Grey wolf optimization-recurrent neural network based maximum power point tracking for photovoltaic application

Abstract

To increase the photovoltaic (PV) power-generation conversion, maximum power point tracking (MPPT) is the primary concern. This works explains about the grey wolf optimization (GWO-RNN)-based hybrid MPPT method to get quick and maximum photovoltaic (PV) power with zero oscillation tracking. The GWO-RNN based MPPT method doesn't need additional sensor for measuring irradiance and temperature variables.
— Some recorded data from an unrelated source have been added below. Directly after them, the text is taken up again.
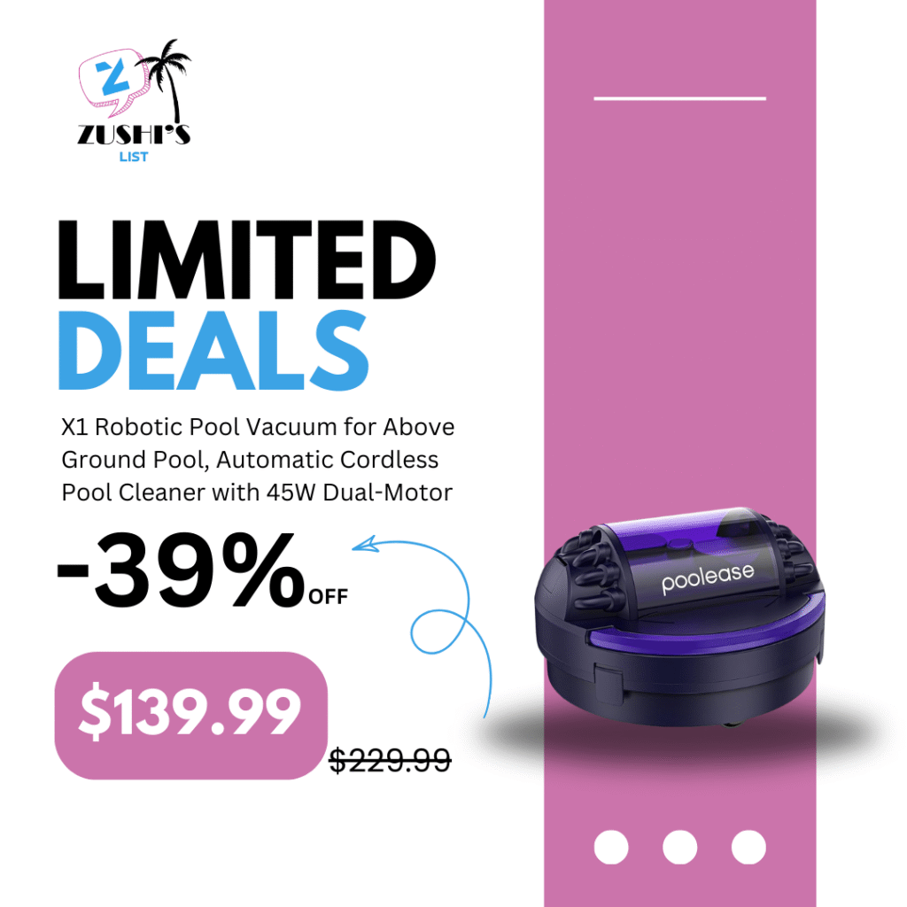 X1 Robotic Pool Vacuum for Above Ground Pool, Automatic Cordless Pool Cleaner with 45W Dual-Motor, Ideal for Above-Ground Flat Pool, 2L Debris Capacity
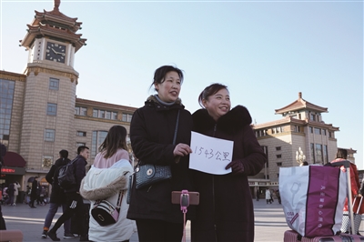 家乡在东北的林女士在北京打工,“老家离北京1543公里,很久没回去了,非常想家和孩子。”在异乡工作了一年,如今买了丰厚的年货踏上回家之旅,林女士非常高兴,特地在纸上写了归家的公里数在站前留影。
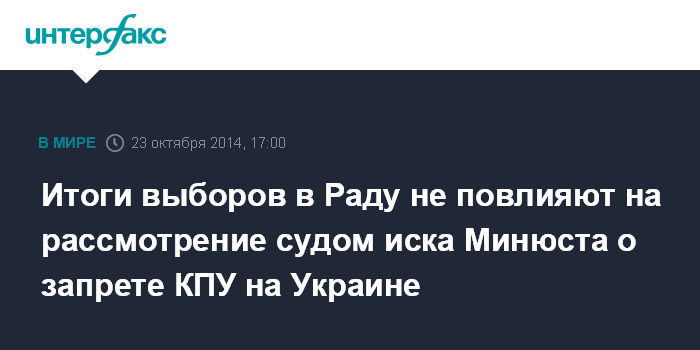 Москва. 23 октября. INTERFAX.RU - Судебный иск министерства юстиции Украины об отмене регистрации Коммунистической партии Украины будет рассмотрен независимо от того, попадет ли эта партия в новый состав парламента или нет, сообщил глава Минюста Павел Петренко.

The NLT is used for the multi-level inverter (MLI) control strategy to achieve less harmonics distraction and less switching losses with better voltage and current profile. This employed methodology brings remarkable aspects in the PV boosting potential extraction. A GWO-RNN controlled LUO converter is a zero-output harmonic agreement impedance matching interface that is MPPT is performed by placing the PV modules between the load regulator power circuit and the load regulator power circuit. To actualize the proposed hybrid GWO-RNN model for the PV system, perturb and observe, RNN, ant colony optimization, and artificial bee colony MPPT techniques are employed. The MATLAB interfaced dSPACE interface is used to finish the hands-on validation of the intended grid-integrated PV system. The obtained results eloquently support the appropriate design of higher-performance control algorithms.